Running HDMR Simulations in EM.Cube

Choosing HDMR sweep as the simulation mode in the Simulation Run dialog.

An Overview of HDMR Method

In the HDMR method, you run successive evaluations of a given function of one or more variables for a number of variables samples. Then you create an optimal monomial surface representation of the computed data as a function of those variables. The resulting simplified function is characterized by a finite number of monomial coefficients. Therefore, its computation is more faster and computationally efficient than the original functions.

Defining HDMR Variables

The HDMR Settings dialog.

To define the HDMR variables, follow the procedure below:

• Open the Run Dialog of most of EM.Cube's computational modules and select the HDMR option from the Simulation Mode dropdown list.
• Click the Settings button next to the simulation mode dropdown list to open up the HDMR Settings Dialog.
• On the left side of the "Variables" section of the dialog you see the "'Independent Variables Table", which lists all the available independent variables of your project. Select an independent variable from the table and use the Right Arrow (-->) button of the dialog to move it to the "HDMR Variables Table".
• Before moving the variable to the new location, the "Define HDMR Variable Dialog" opens up, where you have to define the start and stop values of the variable along with its precision.
• Once you finish the definition of an HDMR variable, its name and attributes are added to the HDMR Variables List.

To define a design objective, follow the procedure below:

• Open the Objectives Dialog either by clicking the Objectives button of the Simulate Toolbar, or by selecting Menu > Simulate > Objectives... from the Menu Bar, or using the keyboard shortcut Ctrl+J. The objectives dialog is initially empty.
• To add a new objective, click the Add button of the dialog to open up the Add Objective Dialog. At the bottom of this dialog, you can see a list of all the available EM.Cube standard output parameters. This list may vary depending on the types of sources and observables you have defined in your project.
• Type in any mathematical expressions in the boxes labeled Expression 1 and Expression 2. If you select the name of any standard parameter in the table and double-click on it, it will be reflected in the expression box.
• Select one of the available options in the dropdown list labeled Logical Operator. The default operator is "== (Equal To)".
• Once the construction of your objective is complete, click the OK button on the dialog to close it and return to the Objectives dialog.

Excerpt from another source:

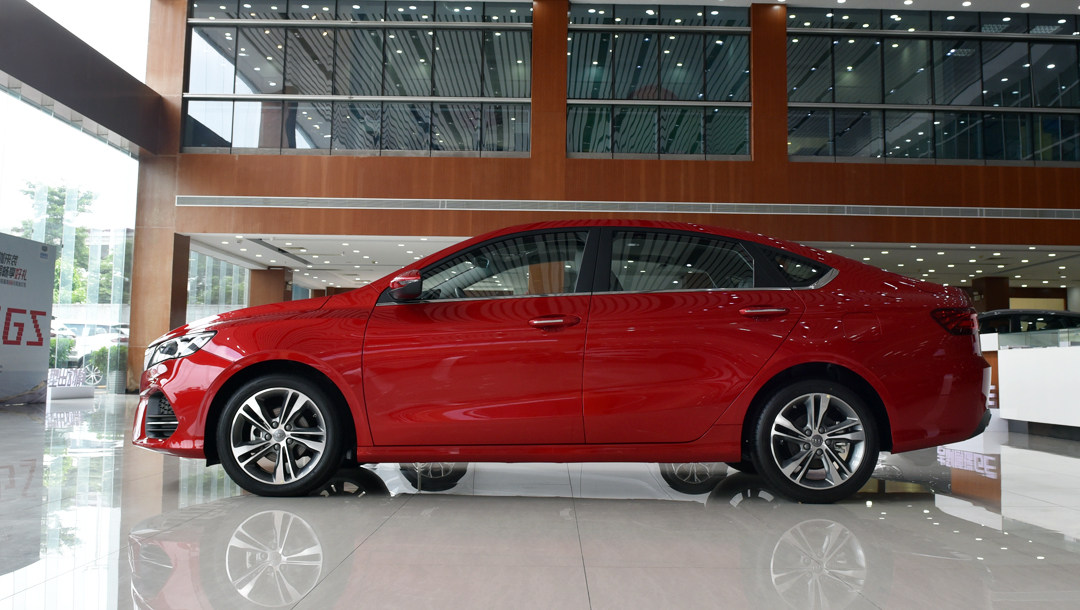 车身侧面设计是相当简洁的,腰线自然过渡到尾部,而且采用了溜背造型,与博瑞十分相似!

You will see your new objective added to the Objective List table. You can modify a design objective using the Edit button of the Objectives dialog. Only design objectives that contain the logical operator "==" can be used as an optimization goal. All the design objectives that contain a logical operator other than "==" are treated as optimization constraints. This means that the optimizer algorithm first tries to minimize an error function that is based on the goals solely and then it verifies that the constraints are satisfied additionally.

Defining an objective involving S parameters.

Defining an objective involving antenna directivity.